▸ **ASSIGNMENT**
Below are some records. Write out the line that contains "儀式現(xiàn)場(chǎ" and all lines after it, exactly, but not the pictures.

(Collected data entries)
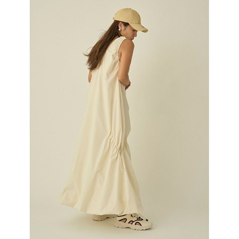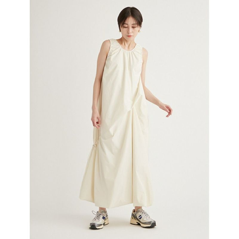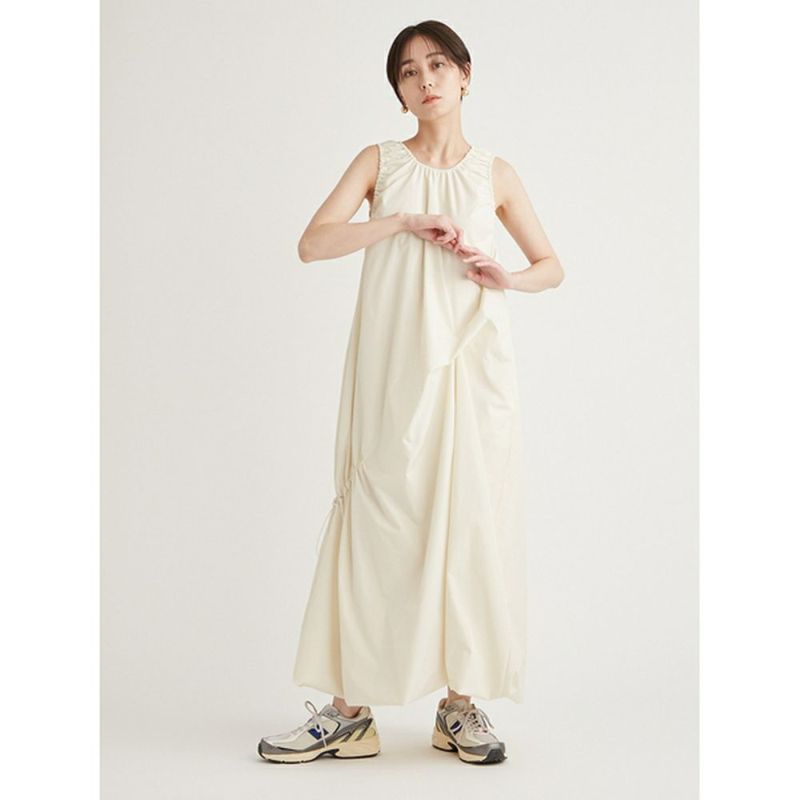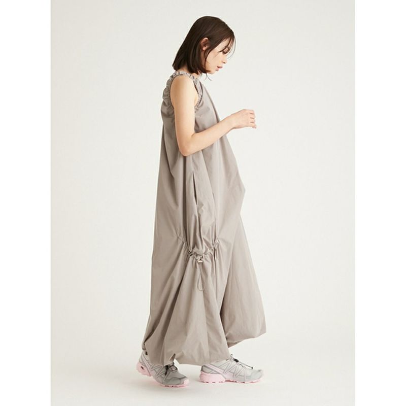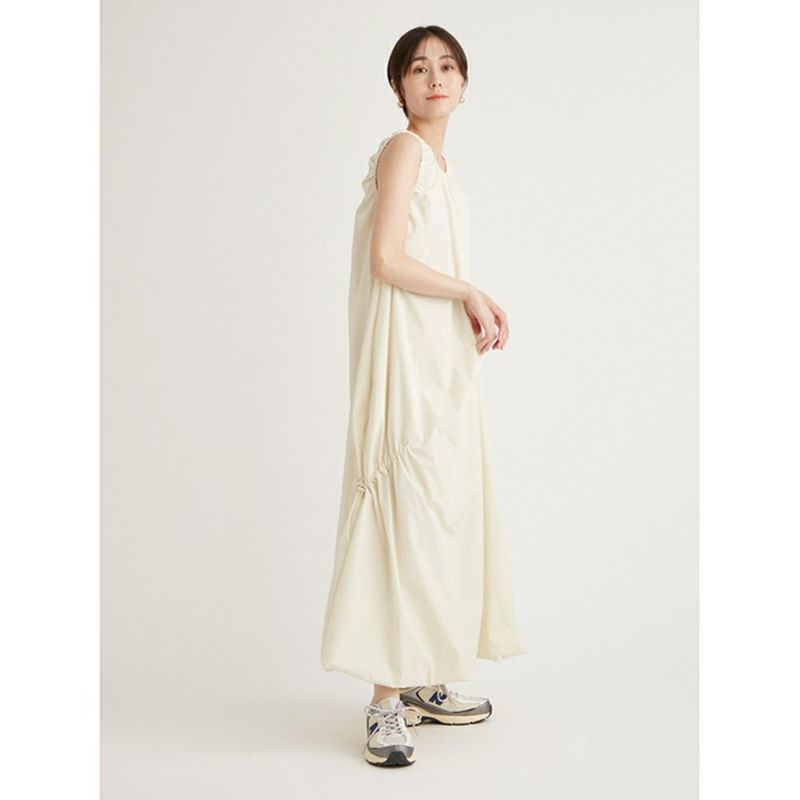 1枚で着映えするワンピースは、ナイロン素材でスポーティーな印象なのでスニーカー合わせがオススメ。同素材のブルゾン【13WFJ251029】とセットで合わせても素敵です。
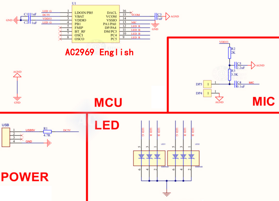 離線語(yǔ)音識(shí)別芯片-小夜燈AC2969英語(yǔ)版方案原理圖:
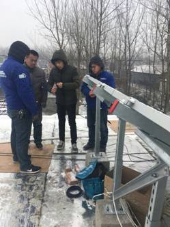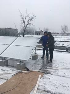 看到霍先生对爱康产品赞不绝口,郭经理的责任心更加强烈。他仔细地检测了线路,电器件,电表等器件,在凛冽的寒风中爬上近三米高的屋顶,对组件的安装规范,接头连接,布线等一一排查,并对组件进行了简单清洁。经过仔细查验,系统运行一切正常。
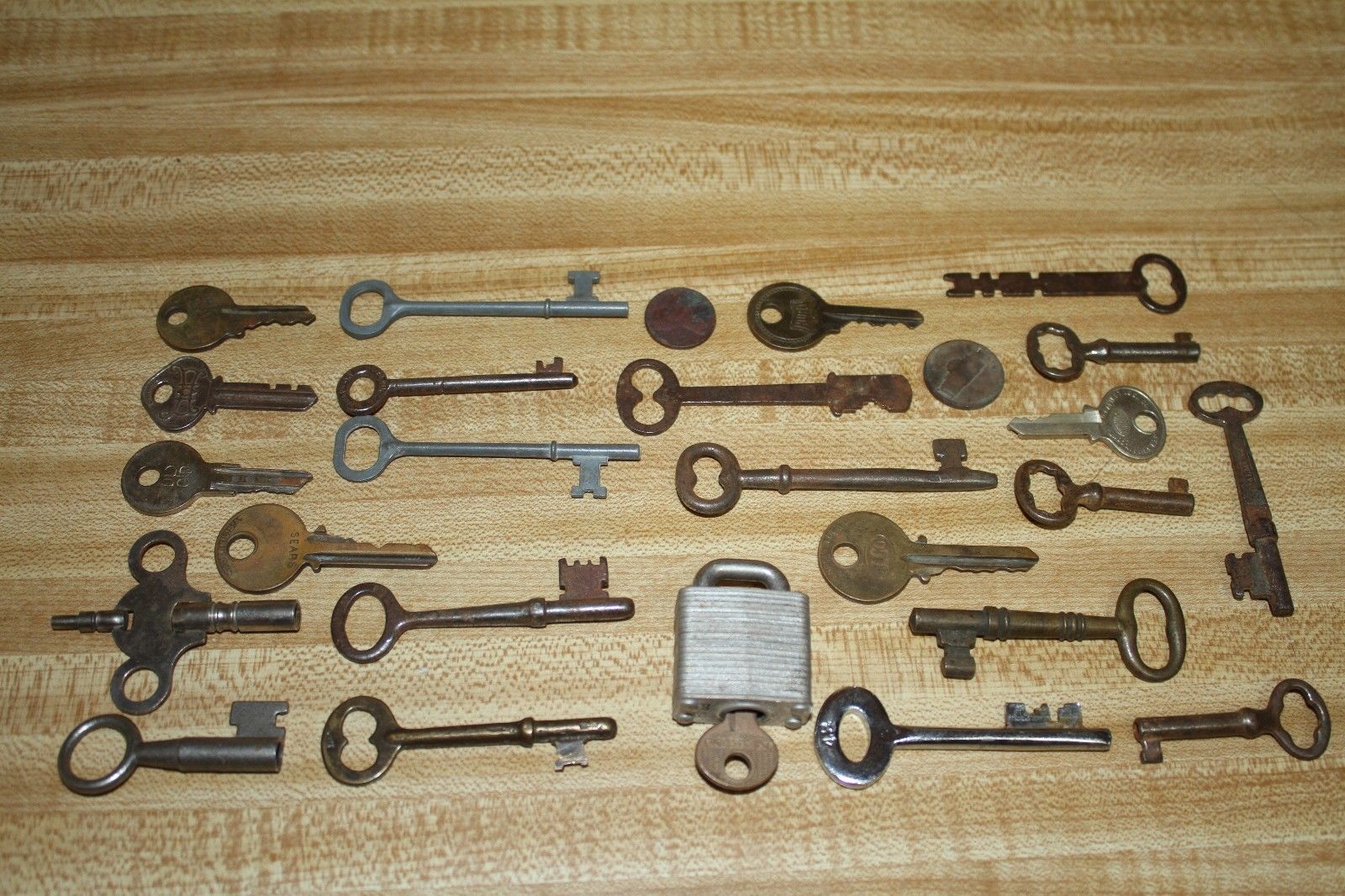 Title (ebay affiliate link): 25x Antique Skeleton Key lot - clock key - lock Russell Erwin sargent &co brass
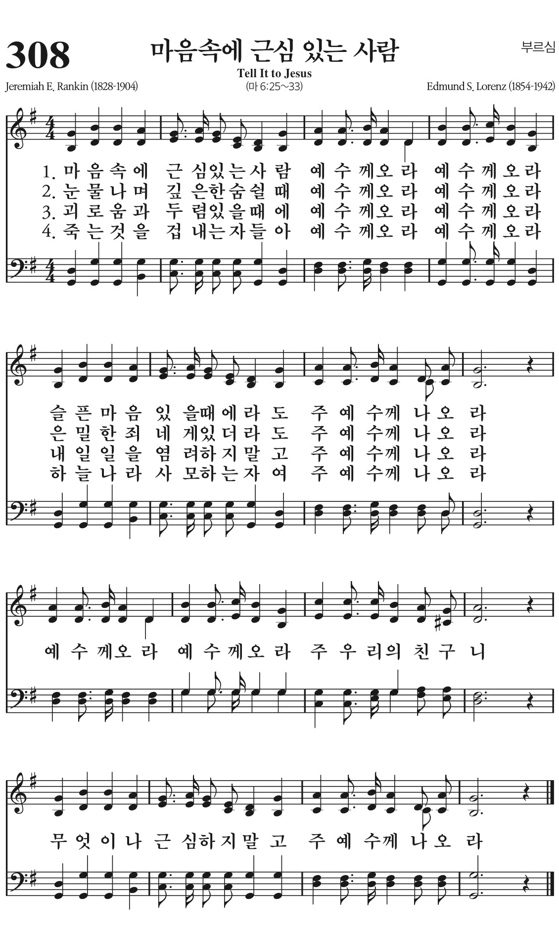 마음속에 근심 있는 사람 예수께 오라 예수께 오라
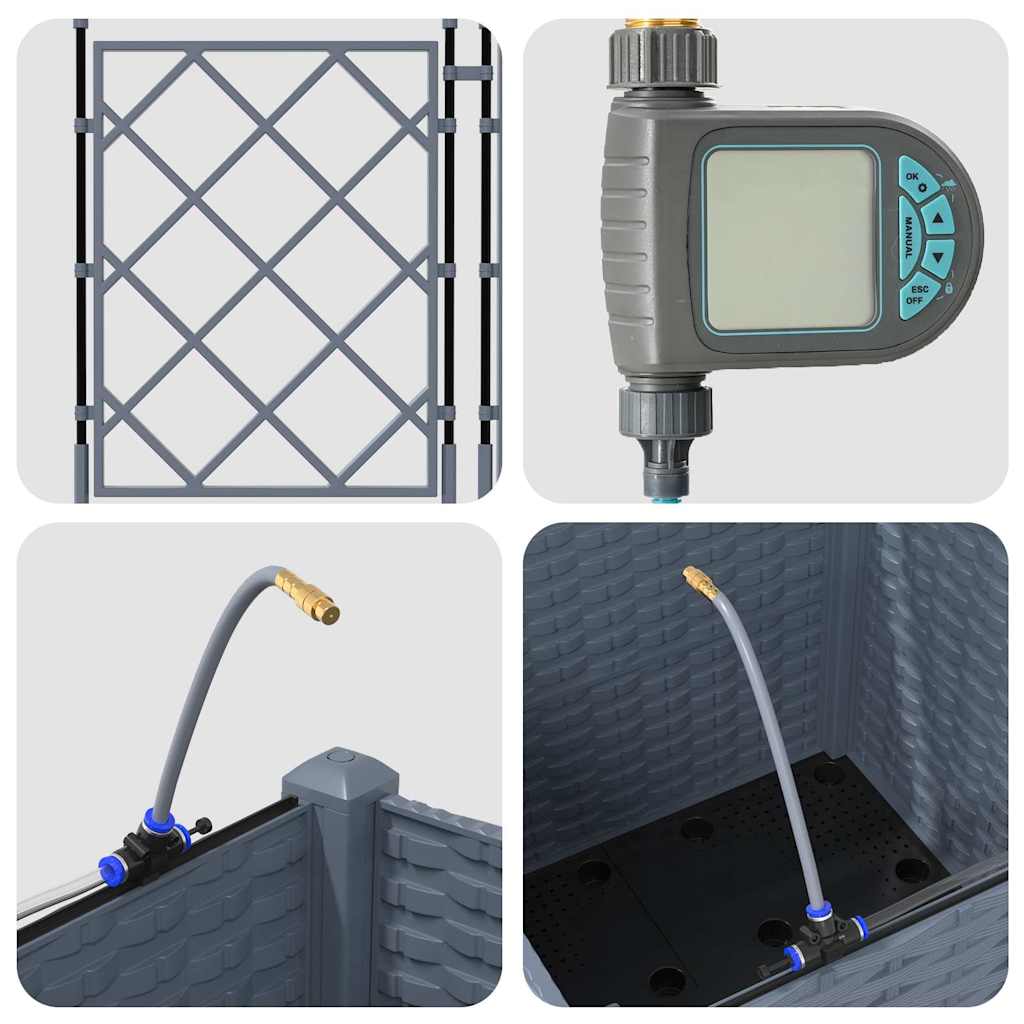Dieser Gartenpflanzer mit Bewässerung ist eine moderne Lösung, die für Outdoor-Enthusiasten entwickelt wurde. Seine schlanke rechteckige Form, kombiniert mit einem strukturierten Geflechtmuster, verleiht deinem Garten oder Terrassenbereich einen zeitgenössischen Touch. Ideal für das Pflanzen einer Vielzahl von Flora, bietet dieser Pflanzer eine solide, ästhetisch ansprechende Grundlage für deine gärtnerischen Ambitionen. Er fügt sich nahtlos in jede Garten-Dekoration ein und bietet eine funktionale, aber stilvolle Option für Hobbygärtner. Der Pflanzer ist perfekt für alle, die ihren Außenbereich mit üppigem Grün bereichern wollen, unterstützt durch ein innovatives Bewässerungssystem, das ein gesundes Pflanzenwachstum fördert. Sein erhöhtes Design verleiht eine anspruchsvolle Note und sorgt gleichzeitig für praktische Verwendung, was dieses Stück zu einer unverzichtbaren Ergänzung für Gartenliebhaber macht. Materialkonstruktion: Der Gartenpflanzer besteht aus UV-beständigem Stahl, der Haltbarkeit und Widerstandsfähigkeit gegen Wetterveränderungen gewährleistet. Diese Materialwahl bietet robusten Schutz, der starkem Sonnenlichteinfluss und saisonalen Veränderungen angemessen widersteht, sodass deine Pflanzen das ganze Jahr über ohne Kompromisse beim strukturellen Integrität gedeihen. Eingebautes Bewässerungssystem: Ausgestattet mit einem fortschrittlichen Bewässerungssystem, nimmt dieser Gartenpflanzer das Rätselraten beim Gießen. Durch das nutzen von eingebauten Kanälen verteilt er Wasser effizient direkt zu den Pflanzenwurzeln, sodass diese ausreichende Feuchtigkeit erhalten, während der Wasserverbrauch reduziert wird und gesünderes Wachstum gefördert wird. Modernes Design: Mit einem schicken Geflechtmuster zeigt dieser Pflanzer elegante Einfachheit, die mit der modernen Ästhetik übereinstimmt. Seine nicht reflektierende matte Oberfläche verleiht einen verfeinerten Touch, sodass er sich nahtlos in verschiedene Außenbereiche integriert, während er mit seinen klaren, unaufdringlichen Linien den zeitgenössischen Stil verkörpert. Vielseitige Nutzung: Ideal für den Außeneinsatz, dient dieser Pflanzer sowohl dekorativen als auch praktischen Zwecken. Sein geräumiges Inneres bietet Platz für eine Vielzahl von Pflanzenarten, von üppigen Farnen bis hin zu lebhaften Blumen, was ihn für saisonale Übergänge oder den ganzjährigen Gebrauch geeignet macht und ein optimales Pflanzerlebnis für Hobbyisten und erfahrene Gärtner bietet. Pflege & Wartung: Um sein makelloses Erscheinungsbild zu bewahren, stelle diesen Pflanzer an einen stabilen Ort und vermeide direkte Sonneneinstrahlung über längere Zeiträume. Reinige regelmäßig mit einem trockenen Tuch und achte darauf, dass die Verbindungen während der Montage gesichert sind, um Stabilität und ästhetischen Wert über die Zeit zu gewährleisten.
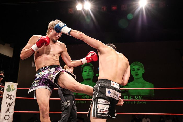 公式プロフィールだと進撃の祐基との身長差は5㎝ながら、リング上で対峙するとそれ以上あるように映る。しかしながら榎木はそんな差など感じさせることなく、サークリングしながらチャンスと見るやミドルやローを当てていく。
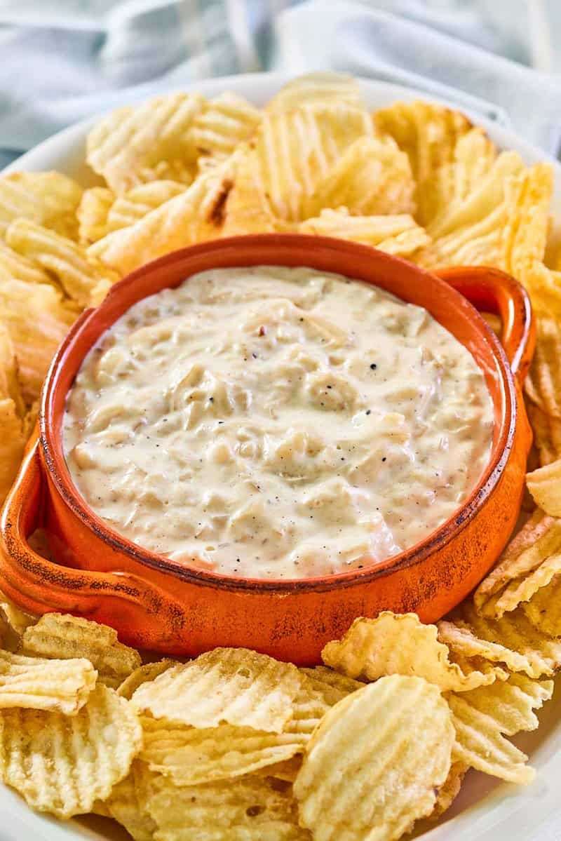 - Store the onion dip in a air-tight container in the refrigerator. But you will want the dip to be room temperature when you serve it.
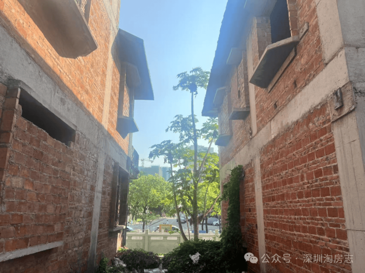 从靠近新湖路一侧的别墅的过道间, 能看到不远处的京地海樾府。
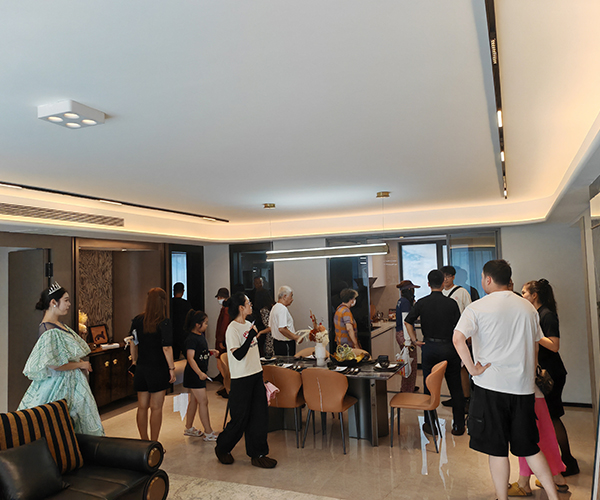 儀式現(xiàn)場(chǎng),熱情高漲的客戶早已匯聚于這座流光溢彩的東大門前。以名貴理石精工筑就、星空頂熠熠生輝、水幕墻靈動(dòng)瀉玉、噴泉水系恭迎貴賓的“星幕尊邸門”,其本身即是歸家尊崇儀式的開篇序章,成為令人矚目的視覺地標(biāo)。人群中,既有開盤即購(gòu)房的業(yè)主,滿懷憧憬前來借鑒設(shè)計(jì)靈感,為未來愛家描繪藍(lán)圖;亦有眾多意向濃厚的準(zhǔn)業(yè)主,翹首以盼親身體驗(yàn)升級(jí)品質(zhì),為理想生活尋覓最契合的空間載體。
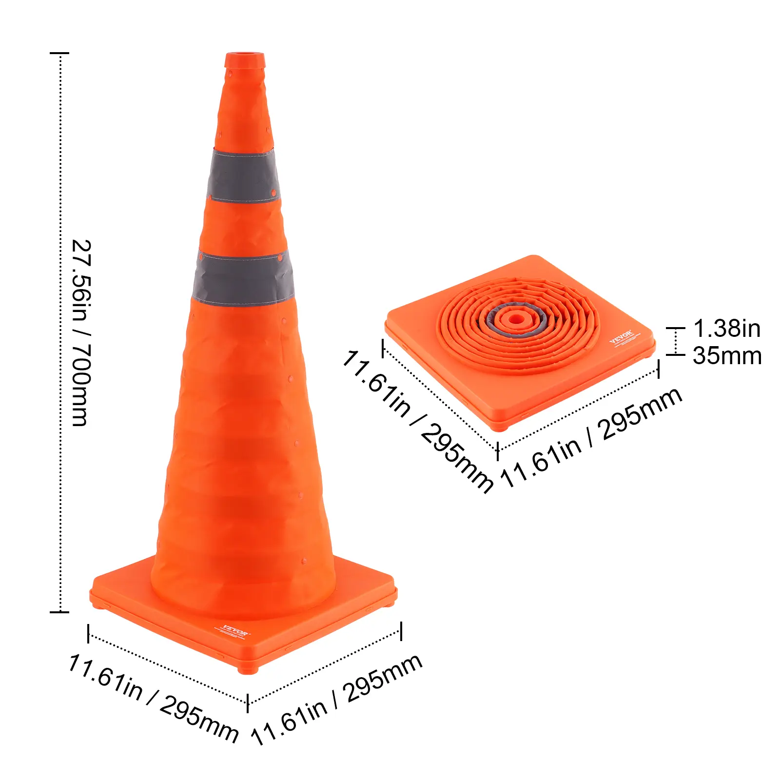 • Sturdy and Reliable: With a base size of 11.61x11.61 inches, these construction cones can be stably placed on various road surfaces, effectively alerting pedestrians and vehicles to exercise caution in all directions.

▸ **OUTPUT OF THE EXERCISE**
 儀式現(xiàn)場(chǎng),熱情高漲的客戶早已匯聚于這座流光溢彩的東大門前。以名貴理石精工筑就、星空頂熠熠生輝、水幕墻靈動(dòng)瀉玉、噴泉水系恭迎貴賓的“星幕尊邸門”,其本身即是歸家尊崇儀式的開篇序章,成為令人矚目的視覺地標(biāo)。人群中,既有開盤即購(gòu)房的業(yè)主,滿懷憧憬前來借鑒設(shè)計(jì)靈感,為未來愛家描繪藍(lán)圖;亦有眾多意向濃厚的準(zhǔn)業(yè)主,翹首以盼親身體驗(yàn)升級(jí)品質(zhì),為理想生活尋覓最契合的空間載體。
 • Sturdy and Reliable: With a base size of 11.61x11.61 inches, these construction cones can be stably placed on various road surfaces, effectively alerting pedestrians and vehicles to exercise caution in all directions.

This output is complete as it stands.